**Exercise objective:** As written and without pictures, set down the lines from the one that contains "GlassPak™ - Сумка" through the end of the data.

**Material provided:**
────────────────

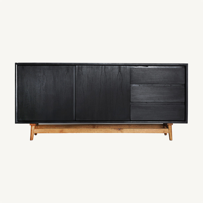 Aparador Thiers en color negro y marrón, de estilo nórdico. Fabricado en madera mindi, combinado con madera contrachapada. Producto desmontable.
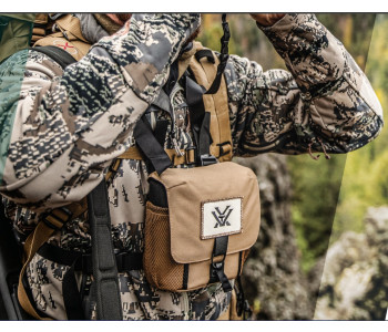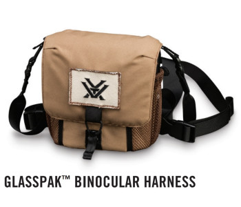 GlassPak™ - Сумка для біноклів із системою наплечних ременів, досить зручна для транспортування та експлуатації бінокля, будучи на природі, в дорозі або на полюванні. Багатоточкова конструкція ременів сумки знімає навантаження з шиї, переносячи її на плечі, дозволяючи таким чином комфортно носити бінокль тривалий час. Фіксатори також кріпляться до бінокля, запобігаючи випадковому падінню бінокля, а задня кишеня на блискавці вміщує додаткові предмети, наприклад мобільний телефон.
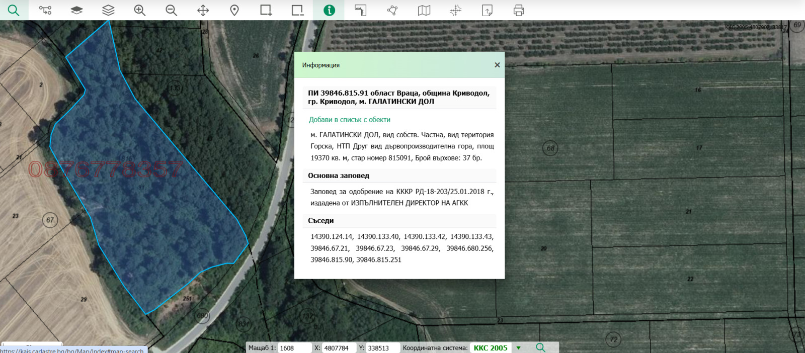 ПРОДАВАМ ПАКЕТ ~88 ДКА (87 991 кв.м) ЗЕМЕДЕЛСКИ ЗЕМИ И ГОРИ ГАЛАТИН / КРИВОДОЛ / ВЕСЛЕЦ

────────────────

**Result:**
 GlassPak™ - Сумка для біноклів із системою наплечних ременів, досить зручна для транспортування та експлуатації бінокля, будучи на природі, в дорозі або на полюванні. Багатоточкова конструкція ременів сумки знімає навантаження з шиї, переносячи її на плечі, дозволяючи таким чином комфортно носити бінокль тривалий час. Фіксатори також кріпляться до бінокля, запобігаючи випадковому падінню бінокля, а задня кишеня на блискавці вміщує додаткові предмети, наприклад мобільний телефон.
 ПРОДАВАМ ПАКЕТ ~88 ДКА (87 991 кв.м) ЗЕМЕДЕЛСКИ ЗЕМИ И ГОРИ ГАЛАТИН / КРИВОДОЛ / ВЕСЛЕЦ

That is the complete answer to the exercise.